Se­cond, his­tory may teach us that cer­tain classes of ac­tion are black-swan bets, that is, they some­times blow up big­time for rea­sons not in the de­cider’s model. So even when we calcu­late within the model that some­thing seems like the right thing to do, we ap­ply the fur­ther knowl­edge of the black swan prob­lem to ar­rive at an in­junc­tion against it.

But surely… if one is aware of these rea­sons… then one can sim­ply redo the calcu­la­tion, tak­ing them into ac­count. So we can rob banks if it seems like the right thing to do af­ter tak­ing into ac­count the prob­lem of cor­rupted hard­ware and black swan blowups. That’s the ra­tio­nal course, right?

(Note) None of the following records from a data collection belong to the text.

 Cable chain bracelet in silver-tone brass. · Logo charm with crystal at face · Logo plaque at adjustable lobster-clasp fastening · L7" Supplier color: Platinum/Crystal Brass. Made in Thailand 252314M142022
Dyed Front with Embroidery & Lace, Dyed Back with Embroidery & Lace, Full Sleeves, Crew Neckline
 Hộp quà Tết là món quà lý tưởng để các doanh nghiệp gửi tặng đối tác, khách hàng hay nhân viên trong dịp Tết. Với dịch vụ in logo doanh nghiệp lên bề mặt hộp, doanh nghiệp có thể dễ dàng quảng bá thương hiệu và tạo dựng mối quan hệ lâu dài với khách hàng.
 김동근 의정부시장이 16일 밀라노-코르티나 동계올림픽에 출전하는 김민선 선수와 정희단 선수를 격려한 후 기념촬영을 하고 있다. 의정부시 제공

There’s a num­ber of replies I could give to that.

I’ll start by say­ing that this is a prime ex­am­ple of the sort of think­ing I have in mind, when I warn as­piring ra­tio­nal­ists to be­ware of clev­er­ness.

I’ll also note that I wouldn’t want an at­tempted Friendly AI that had just de­cided that the Earth ought to be trans­formed into pa­per­clips, to as­sess whether this was a rea­son­able thing to do in light of all the var­i­ous warn­ings it had re­ceived against it. I would want it to un­dergo an au­to­matic con­trol­led shut­down. Who says that meta-rea­son­ing is im­mune from cor­rup­tion?

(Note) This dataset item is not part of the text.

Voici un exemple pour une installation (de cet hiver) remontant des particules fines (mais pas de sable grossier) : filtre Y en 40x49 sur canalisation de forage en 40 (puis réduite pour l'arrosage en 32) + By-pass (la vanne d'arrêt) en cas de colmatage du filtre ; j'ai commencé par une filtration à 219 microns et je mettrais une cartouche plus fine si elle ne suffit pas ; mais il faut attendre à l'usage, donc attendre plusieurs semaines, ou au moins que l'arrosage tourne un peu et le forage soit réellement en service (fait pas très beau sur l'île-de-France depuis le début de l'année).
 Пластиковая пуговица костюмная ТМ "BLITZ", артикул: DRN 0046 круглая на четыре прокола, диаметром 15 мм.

I could men­tion the im­por­tant times that my naive, ideal­is­tic eth­i­cal in­hi­bi­tions have pro­tected me from my­self, and placed me in a re­cov­er­able po­si­tion, or helped start the re­cov­ery, from very deep mis­takes I had no clue I was mak­ing. And I could ask whether I’ve re­ally ad­vanced so much, and whether it would re­ally be all that wise, to re­move the pro­tec­tions that saved me be­fore.

Yet even so… “Am I still dumber than my ethics?” is a ques­tion whose an­swer isn’t au­to­mat­i­cally “Yes.”

There are ob­vi­ous silly things here that you shouldn’t do; for ex­am­ple, you shouldn’t wait un­til you’re re­ally tempted, and then try to figure out if you’re smarter than your ethics on that par­tic­u­lar oc­ca­sion.

But in gen­eral—there’s only so much power that can vest in what your par­ents told you not to do. One shouldn’t un­der­es­ti­mate the power. Smart peo­ple de­bated his­tor­i­cal les­sons in the course of forg­ing the En­light­en­ment ethics that much of Western cul­ture draws upon; and some sub­cul­tures, like sci­en­tific academia, or sci­ence-fic­tion fan­dom, draw on those ethics more di­rectly. But even so the power of the past is bounded.

And in fact...

I’ve had to make my ethics much stric­ter than what my par­ents and Jerry Pour­nelle and Richard Feyn­man told me not to do.

Funny thing, how when peo­ple seem to think they’re smarter than their ethics, they ar­gue for less strict­ness rather than more strict­ness. I mean, when you think about how much more com­pli­cated the mod­ern world is...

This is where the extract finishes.